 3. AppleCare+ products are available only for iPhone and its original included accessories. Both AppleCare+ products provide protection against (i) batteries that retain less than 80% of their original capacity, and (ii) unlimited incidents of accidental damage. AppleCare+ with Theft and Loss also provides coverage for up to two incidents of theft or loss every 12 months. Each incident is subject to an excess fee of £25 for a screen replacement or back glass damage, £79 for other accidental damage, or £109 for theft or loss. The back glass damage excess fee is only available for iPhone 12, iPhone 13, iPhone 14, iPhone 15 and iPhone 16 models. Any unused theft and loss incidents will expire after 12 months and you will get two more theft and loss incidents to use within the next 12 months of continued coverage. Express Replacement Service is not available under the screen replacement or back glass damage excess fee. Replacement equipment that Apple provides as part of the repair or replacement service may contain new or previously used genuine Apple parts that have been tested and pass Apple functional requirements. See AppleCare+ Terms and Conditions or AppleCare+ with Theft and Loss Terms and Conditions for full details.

==

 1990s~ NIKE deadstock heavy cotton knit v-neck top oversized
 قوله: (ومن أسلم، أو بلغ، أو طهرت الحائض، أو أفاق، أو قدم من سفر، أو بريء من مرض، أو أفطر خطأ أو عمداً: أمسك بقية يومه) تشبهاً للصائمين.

• **Problem to solve**
The entries above hold a line with "1990s~ NIKE deadstock" and a later line with "قوله: (ومن أسلم،". Write out exactly those lines and all lines between, nothing more.

• **Answer space**
 1990s~ NIKE deadstock heavy cotton knit v-neck top oversized
 قوله: (ومن أسلم، أو بلغ، أو طهرت الحائض، أو أفاق، أو قدم من سفر، أو بريء من مرض، أو أفطر خطأ أو عمداً: أمسك بقية يومه) تشبهاً للصائمين.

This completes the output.